Sector specialist SK Capital has held a first and final close on its debut lower mid-market fund after less than four months on the road, Private Equity International has learned.
Catalyst Fund I, which was targeting $300 million, closed on its hard-cap of $400 million.
New York-based SK Capital focuses on the specialty materials, chemicals and pharmaceuticals sectors. Its latest flagship fund, SK Capital Partners V, closed on $2.1 billion in February, more than twice the size of its $1 billion, 2014 predecessor.
“Adding Catalyst helps us further differentiate SK as a clear leader in our sector and enables us to cover a segment that became increasingly difficult to cover as our fund sizes have increased,” managing director Jack Norris told PEI.
“We’re seeing the entire firm pipeline from a sourcing perspective, and leveraging our expertise in the sector. Today we have both people and capital sources to complete any investment in our sector across the entire waterfront of the deal size.”
The Catalyst fund will invest in businesses with an EBITDA of between $5 million and $15 million requiring equity cheques of less than $50 million, while the flagship fund invests more than $50 million in larger transactions, said managing director Mario Toukan.

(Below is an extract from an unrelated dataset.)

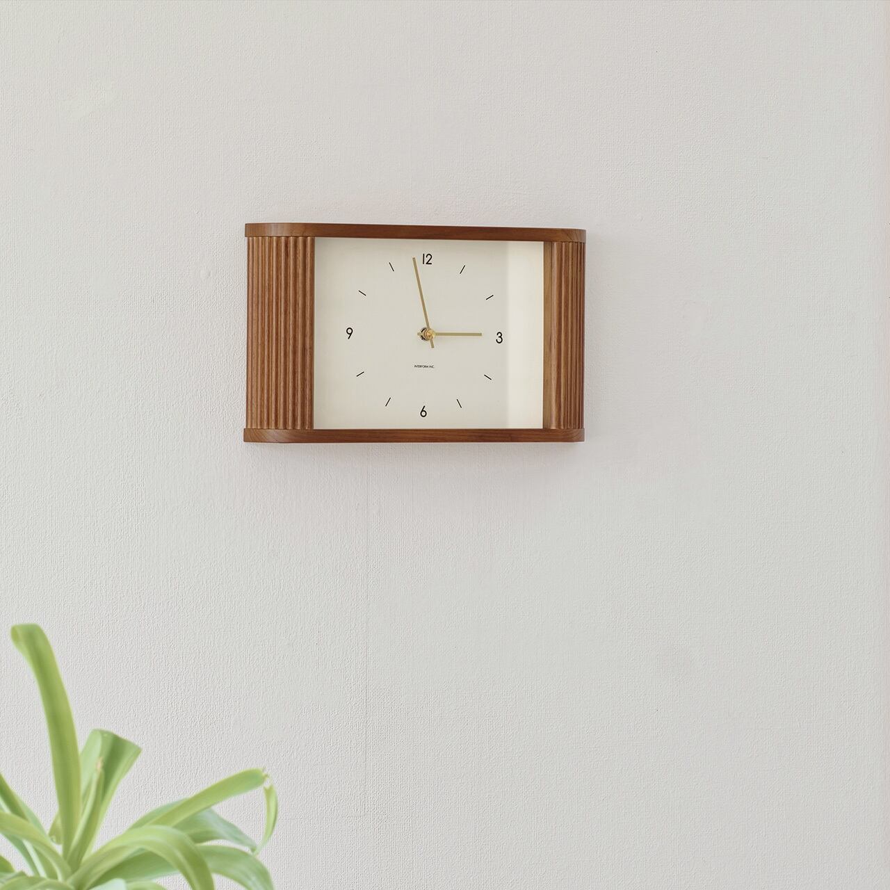 深い色味のウッドフレームに丸みのある凹凸装飾を施した置き掛け兼用のデザイン。両サイドに向かって緩やかにカーブする、立体感のあるデザイン。柔らかな印象を与えるアイボリーの文字盤にゴールドの針と小さな数字が上品な華やかさを添えています。木をたっぷり使ったリッチなナチュラル感は、まるでヴィンテージ家具のような佇まいです。和室にも合わせやすいシックな佇まいで、置時計としてもお使いいただけます。

Toukan joined SK Capital earlier this year along with fellow managing director Jon Borell to develop the Catalyst strategy.
The Catalyst fund will seek slightly different transaction types to the flagship vehicles.

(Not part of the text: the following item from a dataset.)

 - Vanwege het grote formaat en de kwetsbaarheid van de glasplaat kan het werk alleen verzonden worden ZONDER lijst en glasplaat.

“Expect smaller carve-outs of product lines, for instance, to build a business around them, and family or entrepreneur businesses with succession issues,” Toukan said.

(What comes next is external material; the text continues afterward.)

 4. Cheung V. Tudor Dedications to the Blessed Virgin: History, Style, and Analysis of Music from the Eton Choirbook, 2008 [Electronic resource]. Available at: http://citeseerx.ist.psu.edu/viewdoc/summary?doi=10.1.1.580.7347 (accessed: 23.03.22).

The flagship and Catalyst strategies each have dedicated teams but share an “exceptionally useful relationship”, Norris said, which includes the same pipeline of deals, resources and relationships.
Most investors in the Catalyst fund are also investors in SK Capital Partners V, although the fund also added some LPs outside of the US to diversify the investor base, managing director Ben Dillion told PEI.
While existing investors asked questions around “the debut fund replicating the investment strategy of the flagship funds, without distracting attention from them”, investors in Funds III, IV and V readily understood and supported the logic of the Catalyst fund, Norris said.
“It’s not hard to understand the benefit to existing investors. There is an enhancement of the virtues of sector focused investing, with more talent, more dealflow and more relationships,” he said.
New York State Teachers’ Retirement System committed $40 million to SK Capital’s Catalyst Fund.